WORK REQUEST -
Both the line containing "영어 단어 정리 시간" and the line containing "Маска медицинская трехслойная" belong to the span. Output exactly that span from the listing below, and nothing outside it.

TASK DATA -
+===+

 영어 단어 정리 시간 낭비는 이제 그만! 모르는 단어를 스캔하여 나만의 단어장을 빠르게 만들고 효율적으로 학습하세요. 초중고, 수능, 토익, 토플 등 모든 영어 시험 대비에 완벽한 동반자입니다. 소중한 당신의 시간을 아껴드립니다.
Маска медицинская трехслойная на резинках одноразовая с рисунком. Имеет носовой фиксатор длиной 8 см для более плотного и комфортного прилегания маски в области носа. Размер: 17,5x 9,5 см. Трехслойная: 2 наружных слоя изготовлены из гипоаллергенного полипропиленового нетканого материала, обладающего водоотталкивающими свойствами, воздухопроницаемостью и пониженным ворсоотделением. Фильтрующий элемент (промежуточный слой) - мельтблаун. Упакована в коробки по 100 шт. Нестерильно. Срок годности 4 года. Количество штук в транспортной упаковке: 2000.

+===+

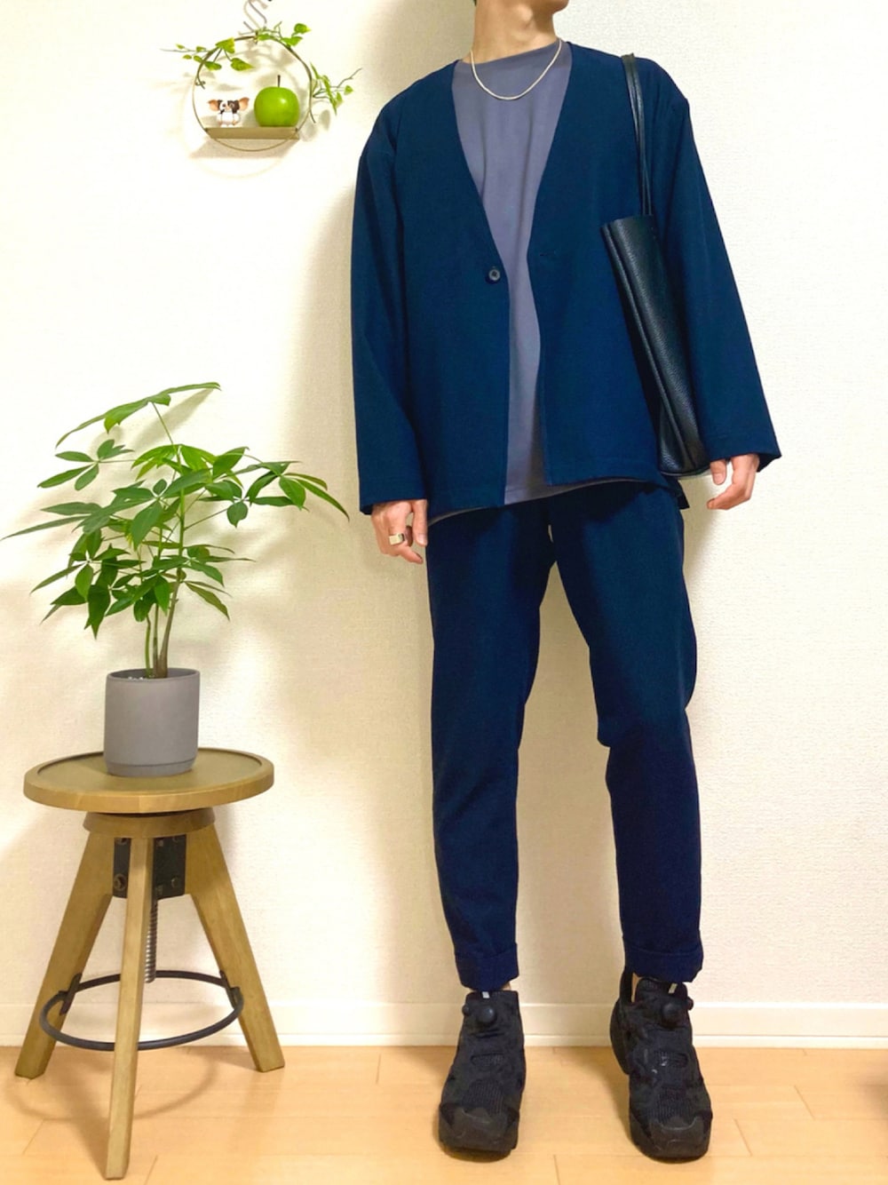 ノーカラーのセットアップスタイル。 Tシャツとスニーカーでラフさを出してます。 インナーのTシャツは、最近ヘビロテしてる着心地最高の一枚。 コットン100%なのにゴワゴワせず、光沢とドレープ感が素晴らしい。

+===+

SOLUTION TO THIS PROBLEM -
 영어 단어 정리 시간 낭비는 이제 그만! 모르는 단어를 스캔하여 나만의 단어장을 빠르게 만들고 효율적으로 학습하세요. 초중고, 수능, 토익, 토플 등 모든 영어 시험 대비에 완벽한 동반자입니다. 소중한 당신의 시간을 아껴드립니다.
Маска медицинская трехслойная на резинках одноразовая с рисунком. Имеет носовой фиксатор длиной 8 см для более плотного и комфортного прилегания маски в области носа. Размер: 17,5x 9,5 см. Трехслойная: 2 наружных слоя изготовлены из гипоаллергенного полипропиленового нетканого материала, обладающего водоотталкивающими свойствами, воздухопроницаемостью и пониженным ворсоотделением. Фильтрующий элемент (промежуточный слой) - мельтблаун. Упакована в коробки по 100 шт. Нестерильно. Срок годности 4 года. Количество штук в транспортной упаковке: 2000.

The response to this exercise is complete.